Глава 3. 1000 ФУНТОВ

   Необыкновенное происшествие в Палате депутатов вызвало смятение во всей Англии.
   Первые известия о существовании «Четырех» были встречены газетами и читателями с насмешкой. Один только «Мегафон» сразу учуял опасность угроз министру иностранных дел.
   Теперь же даже самые недоверчивые и скептики не могли обойти молчанием сообщение о таинственной находке в самом дорогом для английского сердца учреждении. История об «Оскорблении Парламента» наполнила столбцы газет и разнеслась по всей стране. Каждый день появлялись новые сведения, чаще вымышленные, о странной Четверке. Языки неумолчно трещали о загадочных людях, смеющих угрожать достоинству и могуществу величайшей в мире державы.
   Старожилы не могли припомнить, когда в прежние времена Англия оказывалась в таком возбуждении. Впрочем, возбуждение несколько смягчалось тем, что опасность угрожала не всем, а одному человеку.
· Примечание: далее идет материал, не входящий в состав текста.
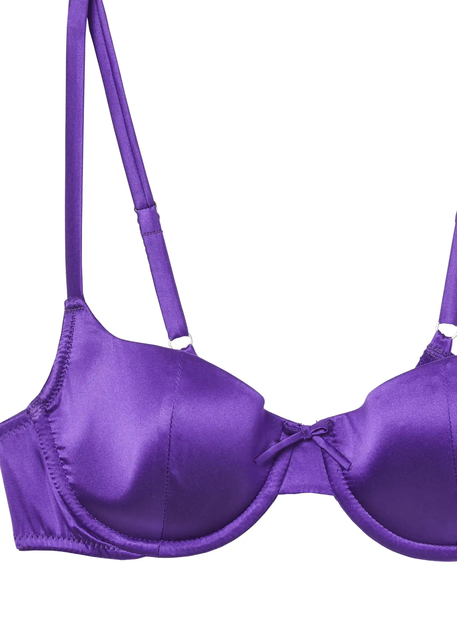 Our silk Satin Luxe Balconette Bra provides you with flawless lift and shape. One of our most comfortable bras for everyday, perfectly smooth under any garment, lined in silk for extra comfort against the skin. Front bow detail. Adjustable straps for the perfect fit. Complete the set with the matching Laced Up Luxe Cheeky or Luxe Flutter Panty.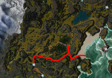 4: If you want to save a few seconds, as soon as you enter Lakeside, walk back into Ascalon City and then walk out again. That way you can /resign as soon as you pick up the shimmering scale and you can walk out and turn the quest in so you don’t have to walk all the way back. You can also let your imp finish off the bull while you make your way to Ashford, make sure it dies in compass range so you get the experience however.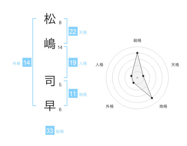 松嶋 司早さんを姓名の画数から五運を鑑定
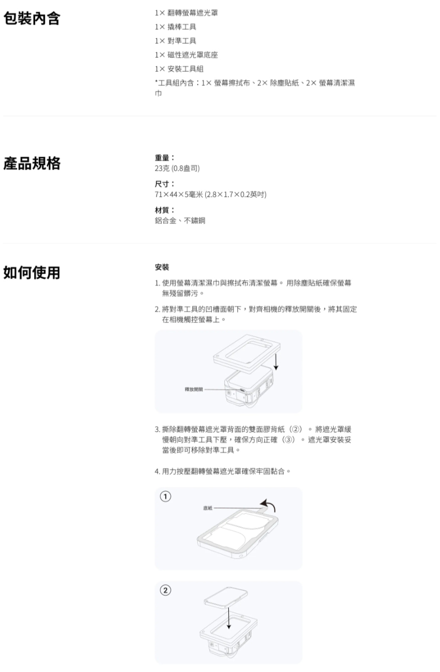 ▶品名:Insta360 Ace Pro 2/Ace Pro 翻轉螢幕遮光罩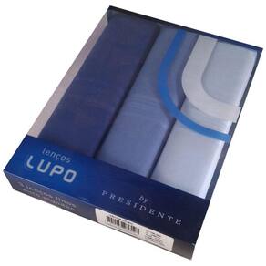 Caixa contendo 3 Lenços Finos masculinos Lupo by Presidente medindo 41 x 41 centímetros e fabricados em teares de última geração com fio puro 100% algodão penteado e mercerizado. Possuem cores firmes, toque macio e grande poder de absorção. Graças a esses cuidados, é um produto único, de qualidade e durabilidade insuperáveis. Ideal para usar no seu dia-a-dia e colocar no seu paletó ou blazer.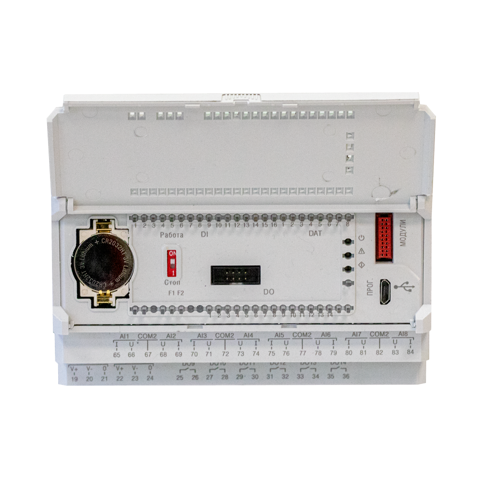 В корпусе 7DIN располагается 40 аналоговых и дискретных входов/выходов. Для расширения собственных входов/выходов предусмотрено подключение по внутренней шине модулей расширения ПРМ. В ПР102 может быть до 2-х интерфейсов RS-485 на борту: для управления устройствами по сети и передачи данных на верхний уровень. Написание алгоритма осуществляется пользователем на языке FBD с помощью бесплатной среды программирования OwenLogic. Загрузка алгоритма производится с помощью кабеля microUSB.

   Первые известия вызвали общую тревогу. Многих, однако, тогда успокаивало, что угрожающие письма, судя по почтовому штемпелю, приходили из небольшого французского городка, и казалось, что опасность была далека. Так мог рассуждать только народ, забывающий о своем географическом расположении: Дакс от Лондона не дальше, чем Абердин.
   Но теперь, после случая в Палате, всем стало ясно, что страшная Четверка находится здесь, в столице. Лондон почти обезумел от ужаса. Люди подозрительно оглядывали друг друга, подозревая в каждом прохожем члена всемогущей шайки.
   Афиши на стенах возвещали:
 
   «1000 фунтов награды.
   18 августа, в 4.30 пополудни, неизвестным человеком или неизвестными лицами в курительную комнату Палаты Общин была подложена адская машина.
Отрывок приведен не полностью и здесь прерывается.